Campbell, of course, brought out the fact that many mythological themes are UNIVERSAL. Virgin birth… the flood… resurrected hero… “heaven” concepts… a sacred meal, or “ritualistic cannibalism”, where the leader is eaten in order to share in his “divinity.” These themes are everywhere and are organized and ritualized according to local needs. Misunderstanding consists in reading mythological spiritual symbols as though they were references to historical, factual events.
As Campbell often said: “the vast majority of the clergy do not even understand their own material.”
At the end of the seminar I was chosen by the group to present him with his thank you gift: four bottles of expensive Scotch whiskey. His wife gave us the clue as to the gift.
Personal observations: He refused to “waste time” as he put it, getting a PhD. He was easily the most intellectually brilliant person I have ever heard lecture. He was a very warm person. He had a radiance and a quality of peace, harmony and wholeness, a centeredness that I have known in few other people. He and I communicated until the time of his death, in Hawaii. I treasure all of his personal letters. Perhaps we have lost that precious art of writing letters with the advent of digital e-mail??

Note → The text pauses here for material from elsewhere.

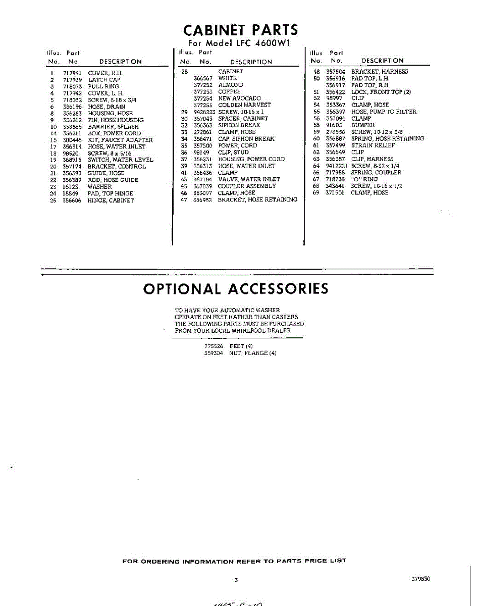 Parts for Whirlpool LFC4600W1: 03 - Section Parts
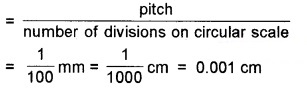 - A screw guage of pitch 1 mm and 100 divisions on the circular scale

The Magazine section of the New York Times honored his place among the giants of the world. His picture was on the cover with an article on the fact that the term “comparative religions” has become archaic. “Comparative mythologies” is the only valid term after Joseph Campbell. Under his picture, they said this: “Joseph Campbell, the world’s pre-eminent scholar of comparative mythologies.”
He gave me my direction on one morning walk. “Bill, just keep pointing people TOWARD THE MYSTERY.”